**WHAT IS NEEDED:** Every entry, start to finish, should be printed verbatim without pictures.

──────────────────────────────

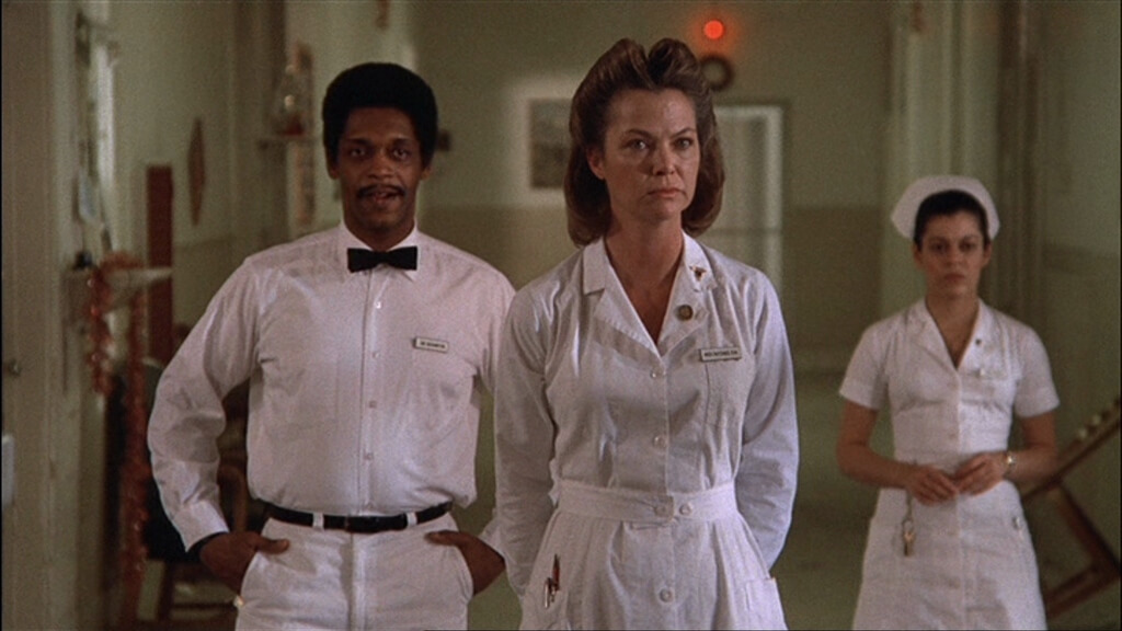 McMurphy is transferred to a psychiatric hospital led by the strict and authoritarian Nurse Mildred Ratched (Louise Fletcher). Initially, McMurphy sees the hospital as an easier alternative to prison, but he soon realizes the oppressive and dehumanizing nature of the institution. The film explores the power struggle between McMurphy and Nurse Ratched as McMurphy attempts to liberate the patients from her tyrannical rule.
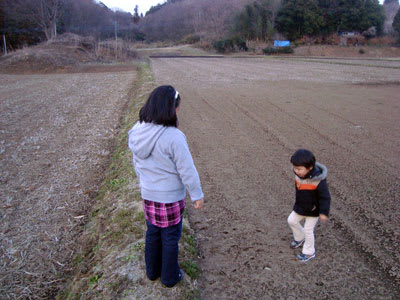 いつもは、水がはられてる田んぼも、今の時期は水も抜かれてるから、田んぼの中を歩いて、普段家の周りでは見れない景色、味わえない空気を、子供達は満喫していました♪
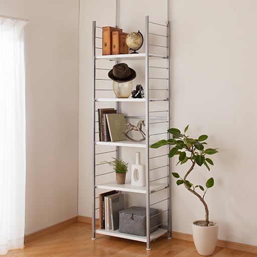 天井突っ張り式でしっかり固定。棚は可動式(10cmピッチ)で日用品や食品のストック棚としても活躍します。
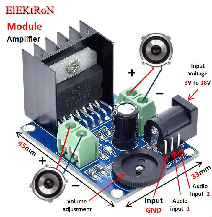 - عدد قطعة واحدة من موديول مضخم صوت Super Mini Digital Audio Amplifier 5-15W Stereo Dual Channel Class D TDA7266 TDA-7266 TDA 7266 TDA726 TDA72 Efficient 3 to 18V Board Module TDA7266 Module Audio Power Amplifier Module 5-15W Input : DC 3V -- 18V stereo Audio Amplifier Board Module
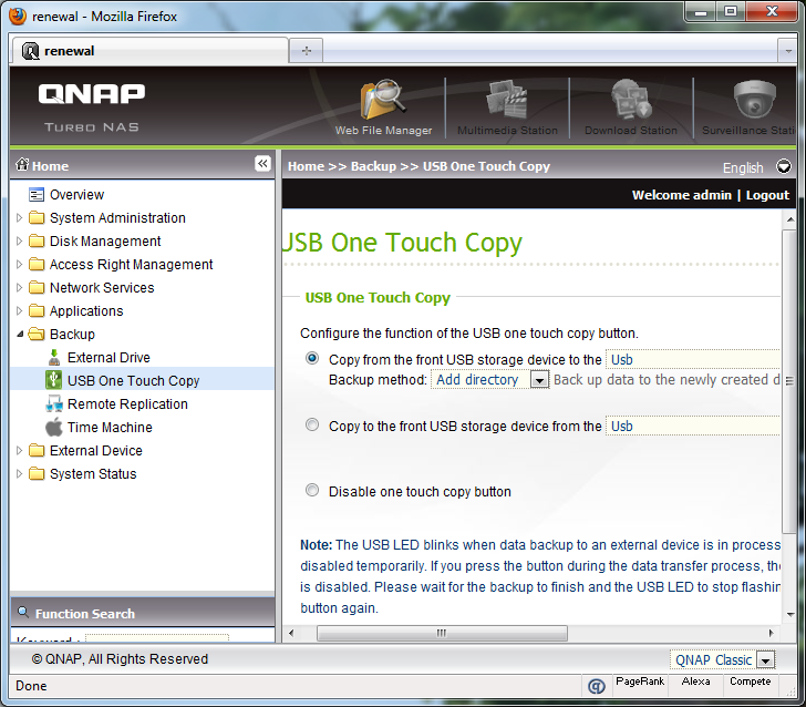 Under the Backups heading are four sections. These include External Drive, USB One Touch Copy, Remote Replication, and Time Machine. In the External Drive screen, you can back up select data on your NAS to an external drive connected via USB or eSATA. (Now when you've thought your NAS is used for backups, you can even backup your NAS!) I have taken the screenshot for USB One Touch Copy, which as you can see configures the function of the front one touch copy button. You can use it to copy data from an external drive to a specific directory on the NAS, copy data from a specific directory on your NAS to the external drive, or disable it completely. Remote Replication lets you configure your QNAP TS-559 Pro+ to copy data to a remote server of the same NAS series, and backup from remote server to the local server as well. You can also set its port number, and allow/disallow remote Rsync server to back up data to the local system. QNAP V3.3 adds Apple Time Machine support. Once enabled, you can use the NAS as one of the Mac OS X Time Machine backup destinations.
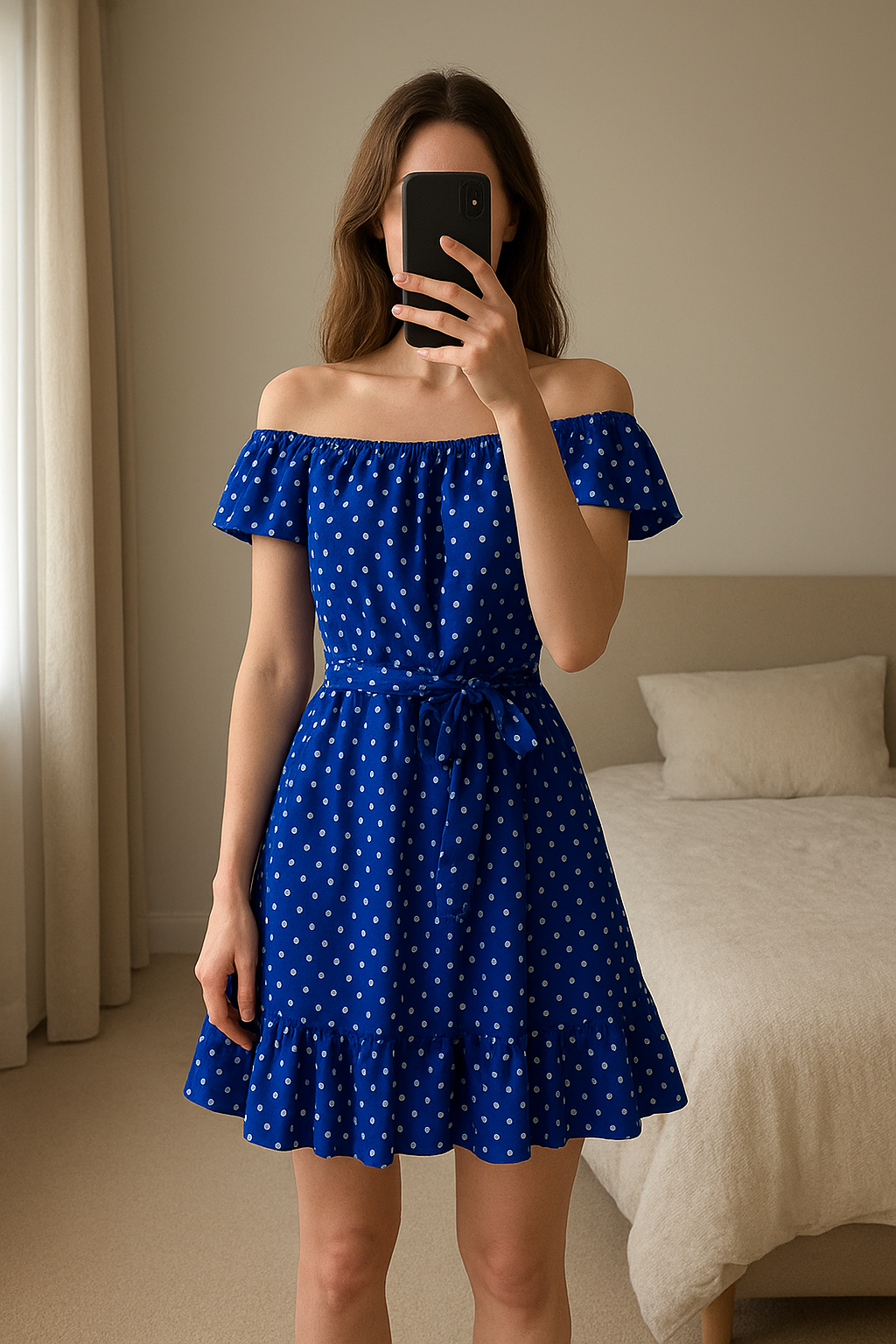 Quiz play suit standing straight facing the camera, in a softly lit bedroom setting, with gentle natural light filtering through a window.

──────────────────────────────

**RESULT OF THE EXERCISE:**
 McMurphy is transferred to a psychiatric hospital led by the strict and authoritarian Nurse Mildred Ratched (Louise Fletcher). Initially, McMurphy sees the hospital as an easier alternative to prison, but he soon realizes the oppressive and dehumanizing nature of the institution. The film explores the power struggle between McMurphy and Nurse Ratched as McMurphy attempts to liberate the patients from her tyrannical rule.
 いつもは、水がはられてる田んぼも、今の時期は水も抜かれてるから、田んぼの中を歩いて、普段家の周りでは見れない景色、味わえない空気を、子供達は満喫していました♪
 天井突っ張り式でしっかり固定。棚は可動式(10cmピッチ)で日用品や食品のストック棚としても活躍します。
 - عدد قطعة واحدة من موديول مضخم صوت Super Mini Digital Audio Amplifier 5-15W Stereo Dual Channel Class D TDA7266 TDA-7266 TDA 7266 TDA726 TDA72 Efficient 3 to 18V Board Module TDA7266 Module Audio Power Amplifier Module 5-15W Input : DC 3V -- 18V stereo Audio Amplifier Board Module
 Under the Backups heading are four sections. These include External Drive, USB One Touch Copy, Remote Replication, and Time Machine. In the External Drive screen, you can back up select data on your NAS to an external drive connected via USB or eSATA. (Now when you've thought your NAS is used for backups, you can even backup your NAS!) I have taken the screenshot for USB One Touch Copy, which as you can see configures the function of the front one touch copy button. You can use it to copy data from an external drive to a specific directory on the NAS, copy data from a specific directory on your NAS to the external drive, or disable it completely. Remote Replication lets you configure your QNAP TS-559 Pro+ to copy data to a remote server of the same NAS series, and backup from remote server to the local server as well. You can also set its port number, and allow/disallow remote Rsync server to back up data to the local system. QNAP V3.3 adds Apple Time Machine support. Once enabled, you can use the NAS as one of the Mac OS X Time Machine backup destinations.
 Quiz play suit standing straight facing the camera, in a softly lit bedroom setting, with gentle natural light filtering through a window.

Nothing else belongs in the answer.